_To do:_ Give back, exactly as written, the lines from the first line of the data below through the line with "I designed a", and omit the pictures.

_Collected material:_

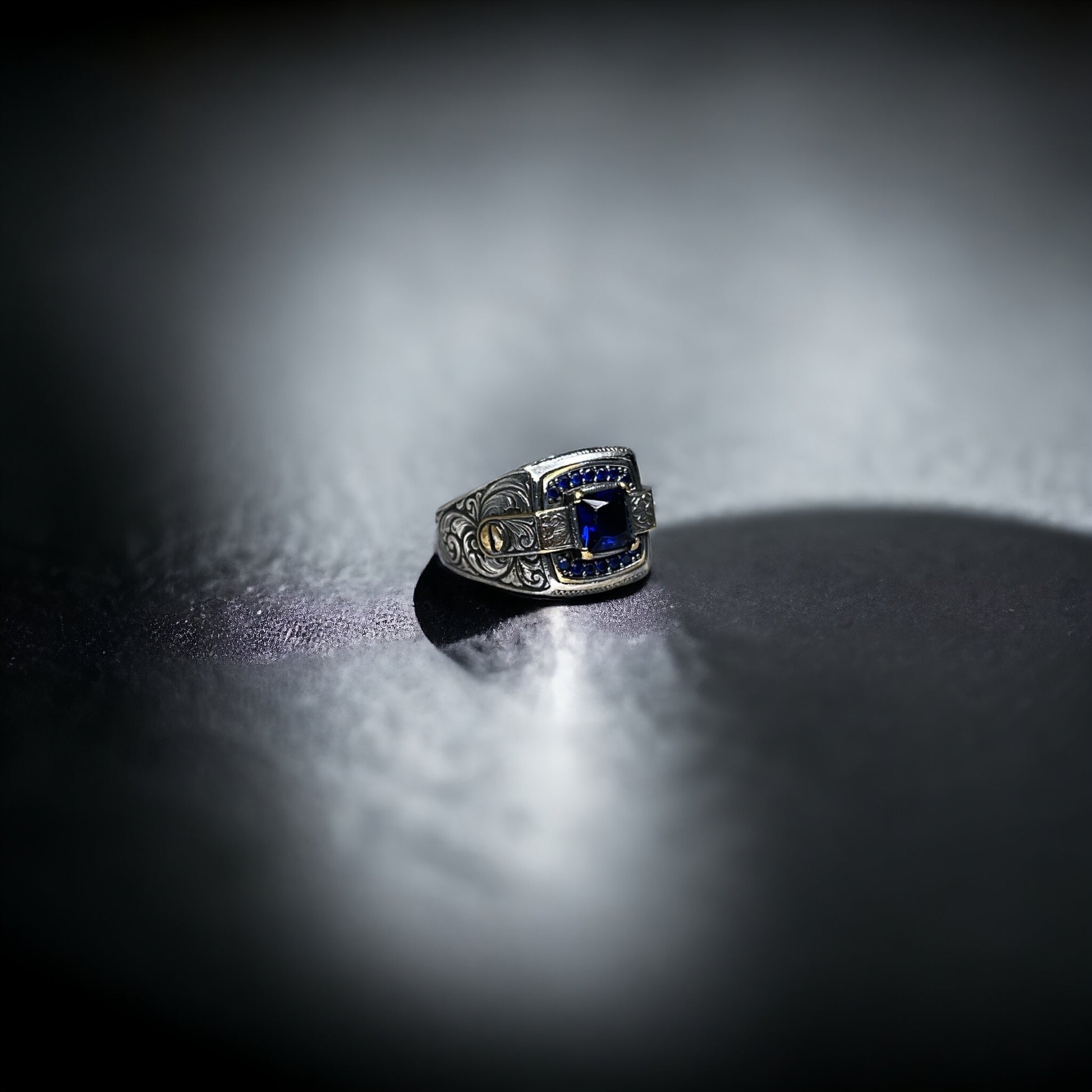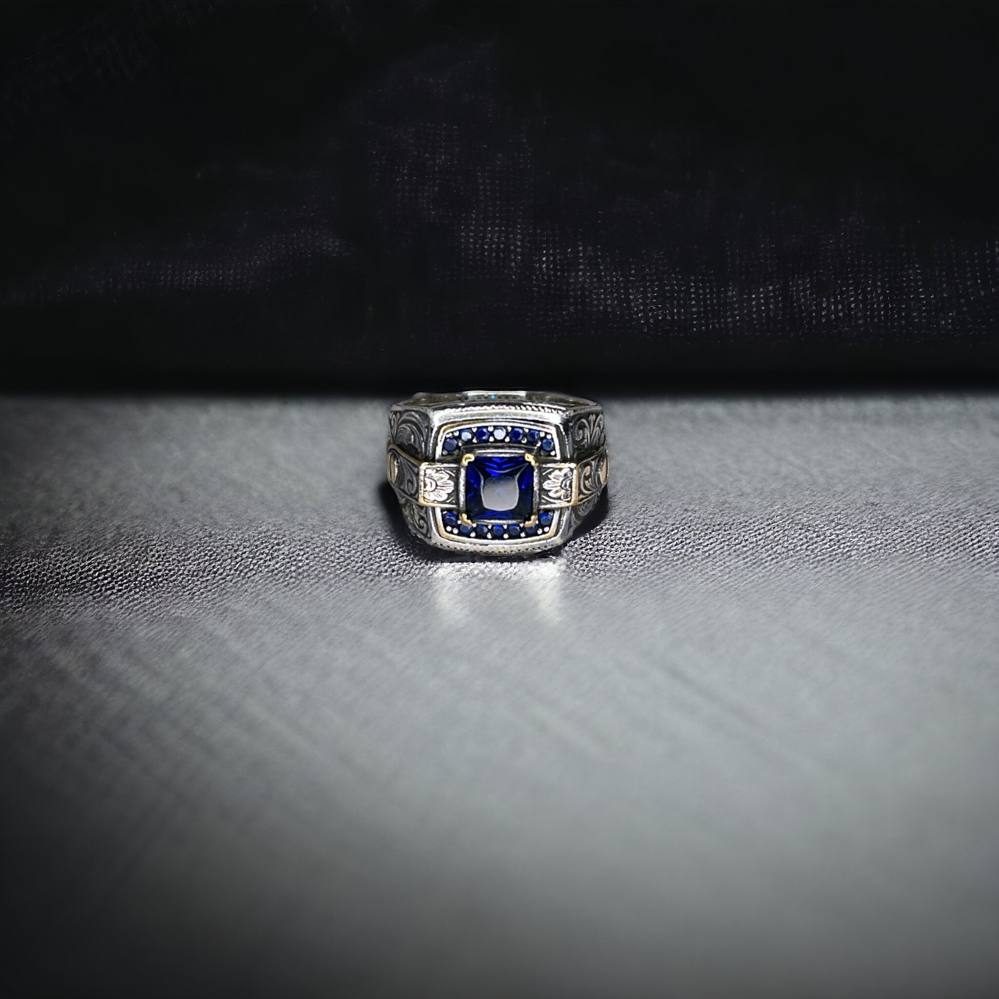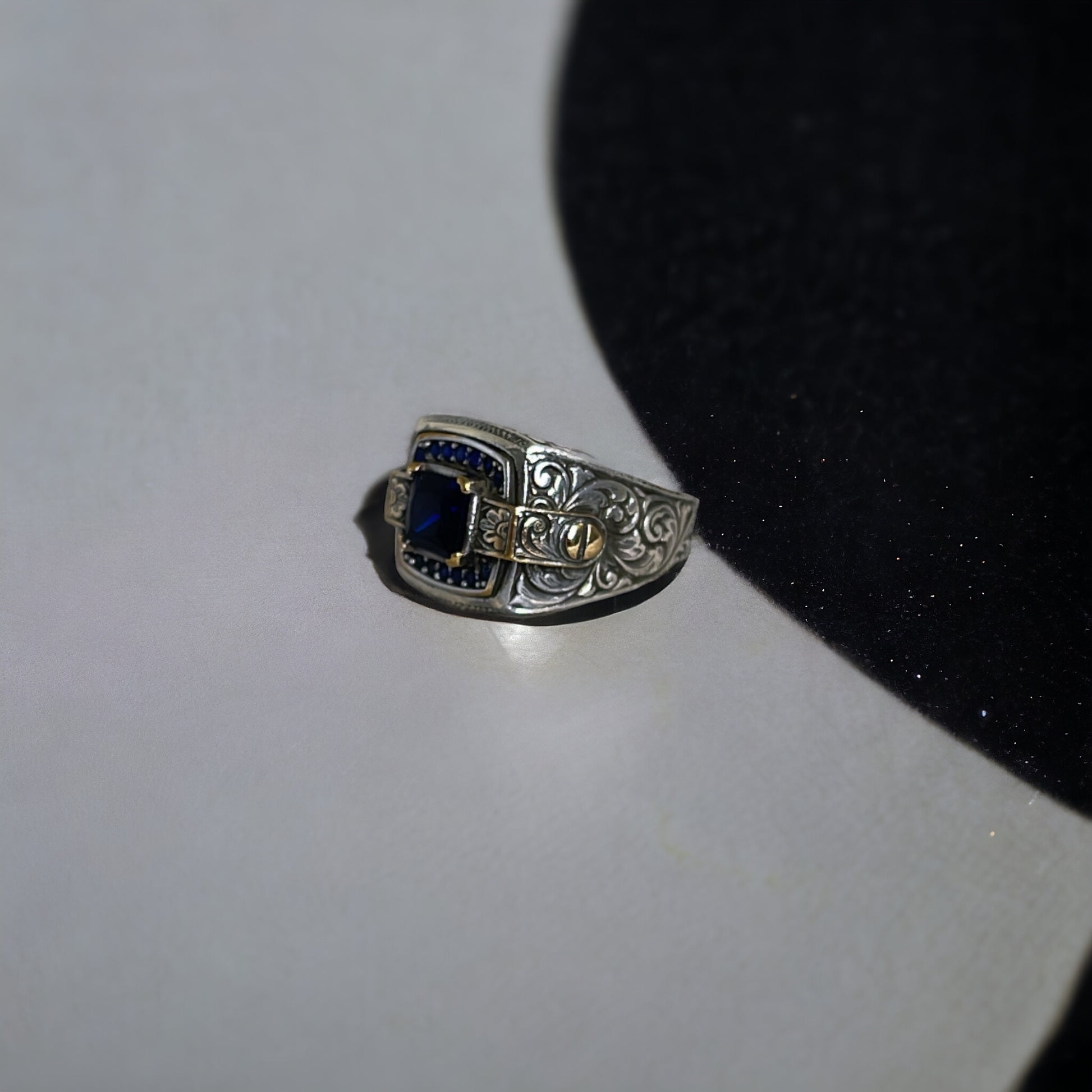 This ring features a deep blue sapphire zircon as its centrepiece, exuding timeless elegance and sophistication. The rich blue stone is framed by intricate silver detailing, showcasing an ornate band adorned with classic patterns that evoke a sense of tradition and refinement. The meticulous craftsmanship is further enhanced by subtle gold coloured accents, creating a striking contrast that makes this ring a standout piece in any collection.
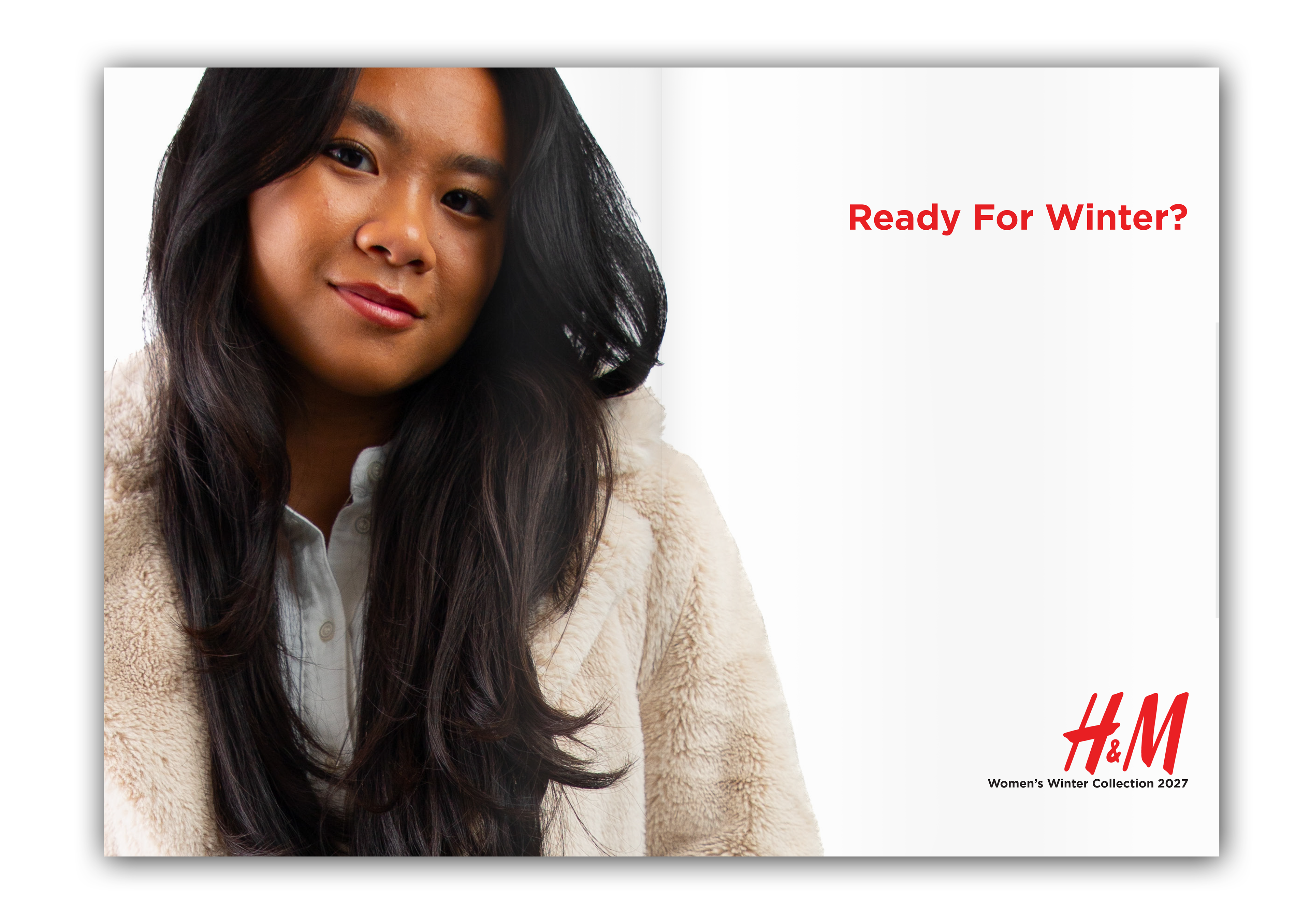 I designed a catalog for H&M's 2027 Women's Winter collection, blending the brand’s iconic red into the design while adding a fresh, personal twist. I reimagined the layout with softer compositions and refined spacing to elevate H&M’s modern and contemporary aesthetic. The overall design balances the brand’s bold identity with a more subtle and polished look.
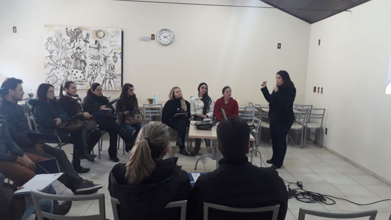 Através de uma roda de conversa com as famílias, a psicopedagoga Graziela Laurindo utilizou como base situações do dia a dia, o comportamento das crianças na atualidade buscando orientar para a responsabilidade emocional e a qualidade de tempo dedicado aos filhos em um diálogo descontraído sem apontar “culpados”, mas que levasse cada adulto a refletir sobre suas próprias atitudes e o reflexo no comportamento das crianças.
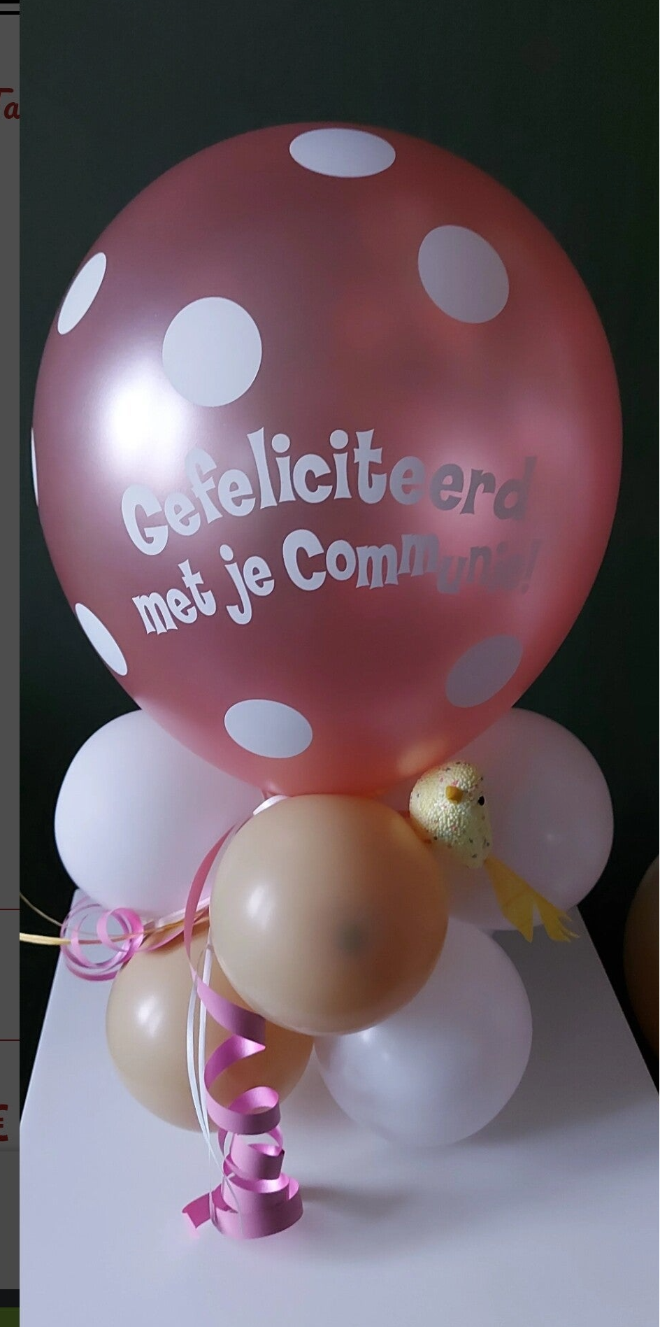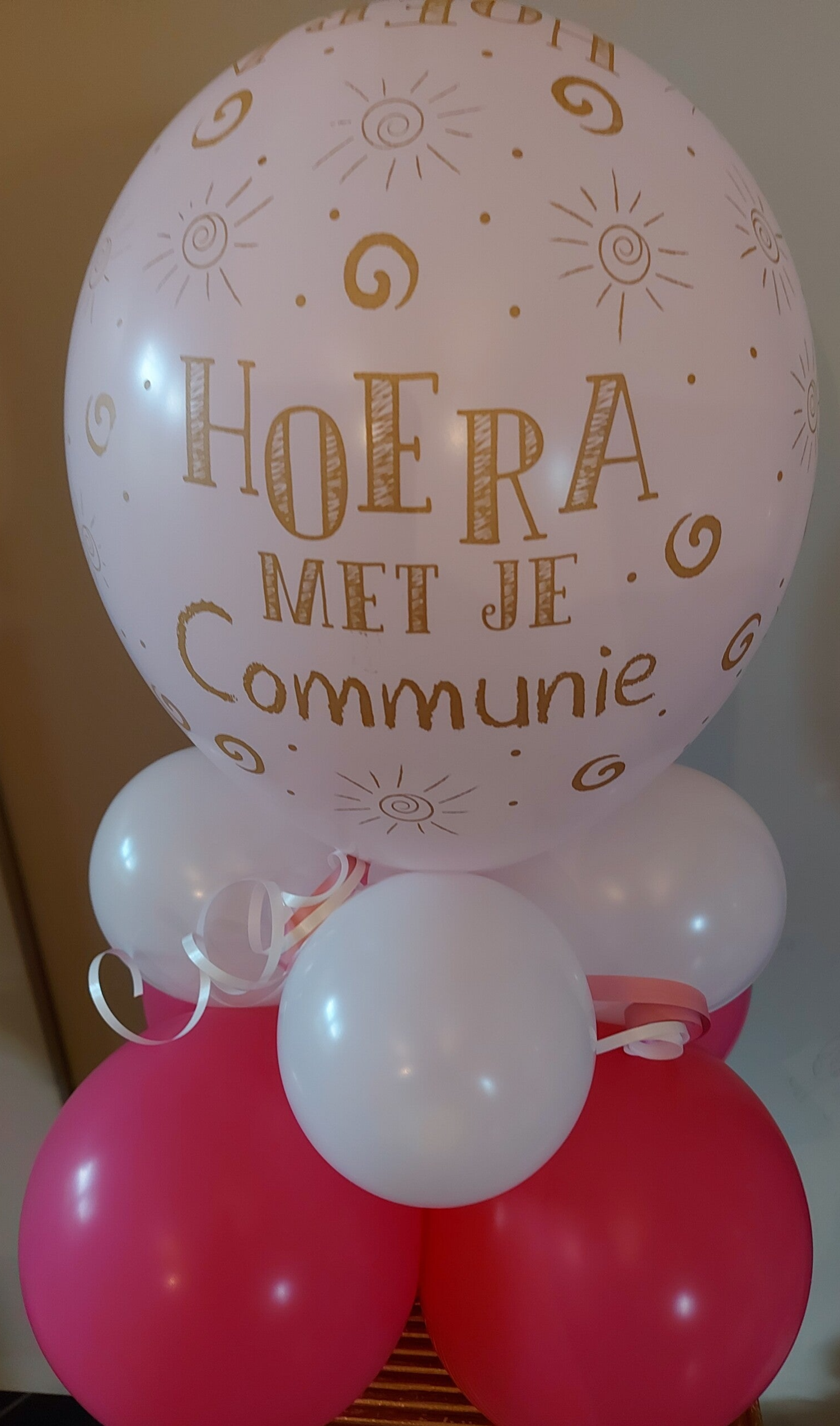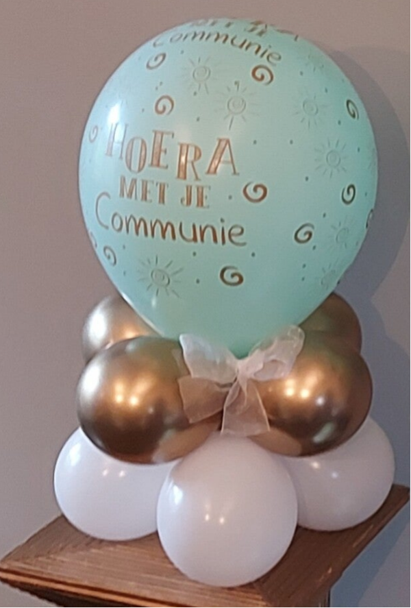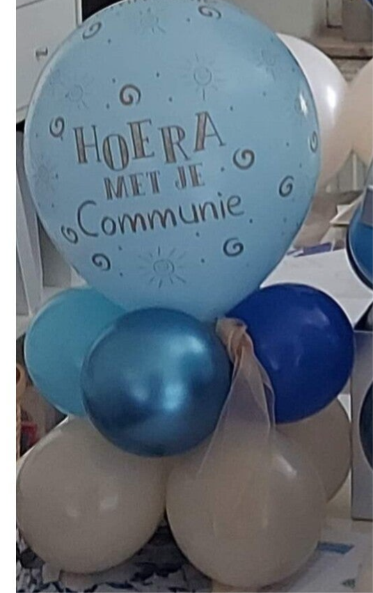 Opdruk" hoera met je communie". Kleur opgeven in opmerkingen. Denk aan de plaats op de feesttafel. Graag bij vermelden indien het kleine tafelstukjes moeten zijn van 5" ballonnen.

_Exercise answer:_
 This ring features a deep blue sapphire zircon as its centrepiece, exuding timeless elegance and sophistication. The rich blue stone is framed by intricate silver detailing, showcasing an ornate band adorned with classic patterns that evoke a sense of tradition and refinement. The meticulous craftsmanship is further enhanced by subtle gold coloured accents, creating a striking contrast that makes this ring a standout piece in any collection.
 I designed a catalog for H&M's 2027 Women's Winter collection, blending the brand’s iconic red into the design while adding a fresh, personal twist. I reimagined the layout with softer compositions and refined spacing to elevate H&M’s modern and contemporary aesthetic. The overall design balances the brand’s bold identity with a more subtle and polished look.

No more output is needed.